One possibility is to ask Mathematica for them, since we know that $F(x)$ may be expressed in terms of HeunC. Another approach is to use series expansion. The series expansion can be derived from the expansion for HeunC, or may be obtained quite easily from the equation itself (Frobenius method).

Assume that $F(x) = \sum_{n=0}^\infty c_n x^n$. We already know that $c_0 = 1$. Multiplying the equation with $x$ and taking limit when $x \to 0$ yields $$ (1 + 4 ib) F'(0) + 2 i b F(0) = 0 \implies c_1 = F'(0) = -\frac{2ib}{1 + 4ib} $$ Now let's multiply the equation with $x(x+2)$: $$ (x^2+2x) F''(x) + \left( 2ib x^2 + (2 + 8ib) x + 2 + 8 ib \right) F'(x) + (2ib x + 4) F(x) = 0 $$ Let's now plug $F(x) = \sum_n c_n x^n$ and collect the coefficients before $x^n$ term: $$ n(n-1) c_n + 2(n+1) n c_{n+1} + 2ib (n-1) c_{n-1} + (2 + 8ib) n c_n + (2 + 8ib) (n+1) c_{n+1} + 2ib c_{n-1} + 4ib c_n = 0 $$ $$ \left[2(n+1) n + (2 + 8ib) (n+1)\right]c_{n+1} + \left[n(n-1) + (2 + 8ib) n + 4ib\right] c_n + \left[2ib(n-1) + 2ib\right] c_{n-1} = 0,\\ 2 (n+1) (1 + 4ib + n) c_{n+1} + \left[n(n+1) + 4ib(1+2n)\right] c_n + 2ib n c_{n-1} = 0. $$ This is a three-terms recurrence for $c_n$ from which we may obtain as many $c_n$ as we need. $$ c_{n+1} = -\frac{\left[n(n+1) + 4ib(1+2n)\right] c_n + 2ib n c_{n-1}}{2 (n+1) (1 + 4ib + n)} $$ From the theory of the confluent Heun's function it is known that the radius of convergence of its series at $z=0$ is $R = 1$. Since we use $x/2$ as its argument, the radius of convergence of $\sum_{n=0}^\infty c_n x^n$ should be equal to $2$. Numerical experiment agrees with it:

Here's a plot of $\frac{|c_n|}{|c_{n+1}|}$ which illustrate that the limit for $n \to \infty$ is 2. We may take $x_0 = 1$ and expect that series $\sum_{n=0}^\infty c_n x_0^n$ converge fast enough for plactical usage.

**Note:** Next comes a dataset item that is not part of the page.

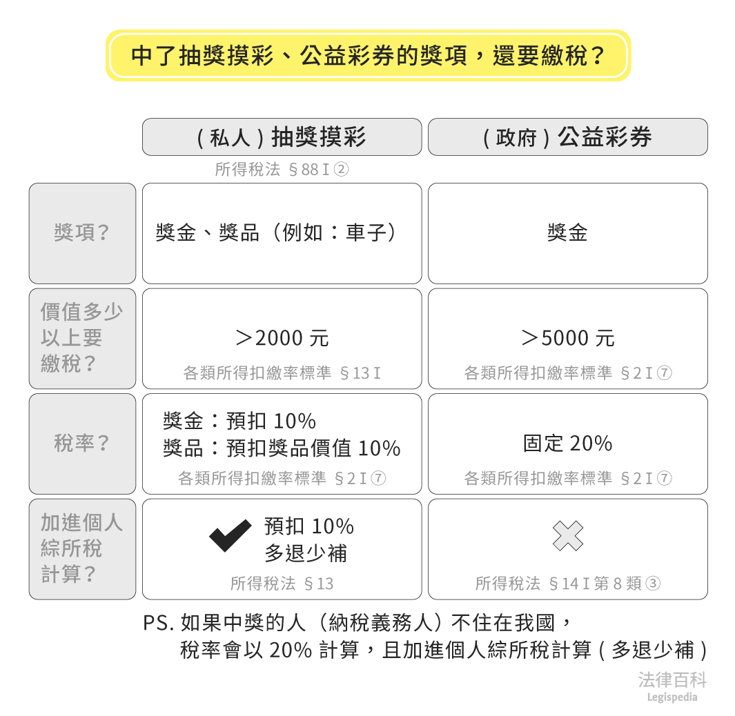 所有文章 / 基本人權‧政府 / 課稅 為什麼中獎也得繳稅?尾牙摸彩跟公益彩券要繳的稅金有什麼不同? 綜合所得稅 所得稅 獎金 彩券 刮刮樂 文:吳俊志(認證法律人) 刊登於 2021-05-07 最後更新於 2024-02-20 每個人都有一個發財夢,每次看到威力彩頭獎落空好幾次,彩券行門口就會開始大排長龍,大家想成為幸運兒。不過大家可得注意,有時新聞上看到的獨得10億,可不代表中獎人真的能拿到這麼多喔!(見圖1) 圖1 中了抽獎摸彩、公益彩券的獎項,還要繳稅? 資料來源:吳俊志 / 繪圖:Yen 一、尾牙摸彩也得課稅? 尾牙摸彩常常是上班族一年最期待的日子,當然重點不在尾牙吃什麼,而是公司的最大獎獎落誰家。不過要是你幸運中了最大獎,隔天公司會計就會提醒你記得繳稅,這時的大家通常都一臉困惑,尾牙摸彩中獎也得繳稅? (一)尾牙摸彩會先被課稅? 是的,你沒看錯,參加公司的尾牙摸彩,不管是中了10萬元獎金還是抽中賓士車,都要繳稅。按照所得稅法第88條第1項第2款的規定,「競賽或機會中獎之獎金或給與」[1]是必須扣繳的。白話來說就是拿到獎金之前,公司會先幫你把要繳的稅扣下來,先幫你繳給政府,目的當然是讓國家可以提早收到稅,確保中獎人不會領到大獎就跑路逃稅啦! 至於要扣繳多少呢?按照財政部公布的「各類所得扣繳率標準」第2條第1項第7款本文的規定[2],納稅義務人如果是在我國境內居住的自然人,或是在我國境內有固定營業場所的營利事業,競技、競賽或機會中獎的獎金需要扣繳10%[3]。所以尾牙中獎的話,公司會先幫你扣掉10%的稅金。例如尾牙抽中100萬,進到你戶頭的就只有90萬。另外提醒大家的是,這種私人舉辦的抽獎,獎金不到20000元是不用扣繳的喔[4]! (二)中獎會影響到當年度的所得嗎? 但中獎還有後續,所謂「扣繳」只是先幫你把稅扣起來,不代表在年度報稅的時候不用加入綜合所得總額一起算[5]。所以摸彩的獎金還是得加進去個人該年的綜合所得裡面計稅,也就是說如果你中了超級大獎,除了先被扣繳10%外,最後還是可能會因為綜合所得總額提高,而要在報綜合所得稅時被課以更高的稅率[6]。當然,如果年度所得加計獎金之後,稅率仍然不到10%,多扣的部分還是會退稅的。 (三)不是抽到獎金,而是抽到獎品,要怎麼課稅? 而尾牙抽獎除了現金大獎以外,還可能有搶手的PS5、剛上市的iPhone,甚至有些公司比較誇張的,還有抽汽車、甚至抽房子。這種時候大家拿到的獎品當然不可能自己少掉10%,所以公司通常會要求中獎的員工先提供獎品價值的10%當作扣繳稅款。雖然是一筆不小的開銷,但相比領到超級大獎,借錢來繳稅也划算吧? 二、公益彩券課稅大不同 那如果是中了樂透或是威力彩頭獎,獎金上億的情況呢?經過剛剛的介紹,大家可能會開始擔心,這樣綜合所得會不會一下子連跳好幾級,得適用40%的最高級距稅率呢[7]? 這點倒是不用擔心,政府辦的獎券,規定還是會有點不同。按照各類所得扣繳率標準的規定,政府舉辦的獎券是採用20%的固定稅率,獎金沒有超過5,000元就不用課稅,但只要一超過,政府就會自動幫你扣走全額獎金20%的稅款[8]。 這聽起來好像是壞消息啊?就算只中了5001元,稅率也不會比較低。但轉念一想,如果中的是超級大獎,這時卻也不用像私人辦的抽獎、摸彩一樣計入綜合所得總額。按照所得稅法第14條第1項第8類的規定[9],政府所舉辦的獎券,中獎獎金只要依照所得稅法第88條的規定扣繳稅款就好,不會再計入綜合所得總額裡面。至少大家就不用擔心加上10億元頭獎後,還得適用40%的最高稅率來計算該年度綜合所得的問題了。 三、結論 不管是尾牙抽中大獎,還是因為公益彩券一夕致富,都是可遇不可求的夢想。不論是高額獎金還是名車,都能讓大家興高采烈好一陣子。但可別忘記,獎金或獎品也是所得,也得繳稅,幾億的頭獎,國家也可以分一杯羹,如果是實物獎品,更要記得先籌錢繳納扣繳稅款才是。

Estimating truncation error with the first neglected term gives us that $M=50$ terms are enough for double precision (16 digits).

Now we can obtain $F(x)$ numerically by solving the problem $$ F''(x) + \left( \frac{1+4ib}{x} + \frac{1}{x+2} + 2ib \right) F'(x) + \frac{2ib}{x} F(x) = 0, \quad x \in [1, 1000]\\ F(1) = \sum_{n=0}^{50} c_n\\ F'(1) = \sum_{n=1}^{50} n c_n $$

To minimize computational problems arising from numerical integration of an (piecewise) numerical solution I suggest evaluating integral in the same ODE problem. This is achieved by expanding the ODE problem with an auxiliary equation $$ J'(x) = (x+2)e^{-2Ia(x+2)} F(x)\\ J(1) = 0. $$ It is clear that $$ J(x) = \int_1^x (t+2)e^{-2Ia(t+2)} F(t) dt $$ and we're interested in $J(1000)$ only. Combining the problems into single ODE guarantees that ODE integration grid will be the same as quadrature integration grid. This cannot be achieved by separate NDSolve + NIntegrate calls.

Here's an implementation of this method in a notebook. But be warned - WorkingPrecision stongly affects the result. Using MachinePrecision is very fast, but the relative error is about $10^{-5}$. Using MachinePrecision=20 improves the result by an order of magnitude or two, but timing is much worse.